Toikem saw his sister biting her lip, but he knew she wouldn’t say anything. They didn’t have a drop of noble blood. It would be a mistake to question the word of the Baron.
“Kayla and Toikem?” the bearded man asked without decorum. The siblings nodded synchronically. “My name is Aleander din Joitendre, Seneschal of Vertcol, and member of the Imperial Guard. I will evaluate you in Longval. If by the end of the week I believe you do not represent a risk for the security, morality or property of the courtiers, you will join the Imperial Court under my tutelage.” Despite his lame leg, small stature and hairy face, Aleander spoke more eloquently than Bertel.
“The message spoke of immediate danger, Seneschal,” Kayla explained. “I understand there is a protocol, but do you not fear there’ll be deaths?”
“There already have been, and we’ve received news of further fatalities since my arrival at Blue Tower. However, my lord does not wish to introduce new threats to the Court.”
“Can we at least know what happened, so that we may gather the proper equipment before we go?”
“As a matter of security, details of the Court habits cannot be divulged at the moment.”

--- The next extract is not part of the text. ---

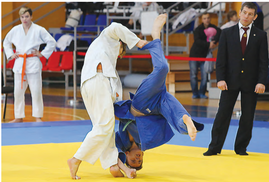
Спортсмену-дзюдоисту надо быть немного космонавтом.

“Be careful not to encase yourself in armor,” Kayla warned him. “We will try to undo the curse, if there is one, but we cannot bring back the dead.”
Aleander crossed his hands on the pommel of his sword, his eyes peering at the girl. “I find your flame commendable. But I will not even point you in the direction of the Court a moment before I’m confident you are the people I was sent to bring back.” He looked at Toikem. “If you want to hurry the process, we can start now. Courtesy forces me to allow you to settle in the day of your arrival, but if you wish, I’ll test your ability for combat right now.”
“I am the one who fights,” Kayla replied, stepping forward.
“I will have to challenge each of you, anyway.” Aleander stepped to the edge of the dais. “What say you? Want to give Bertel a show?”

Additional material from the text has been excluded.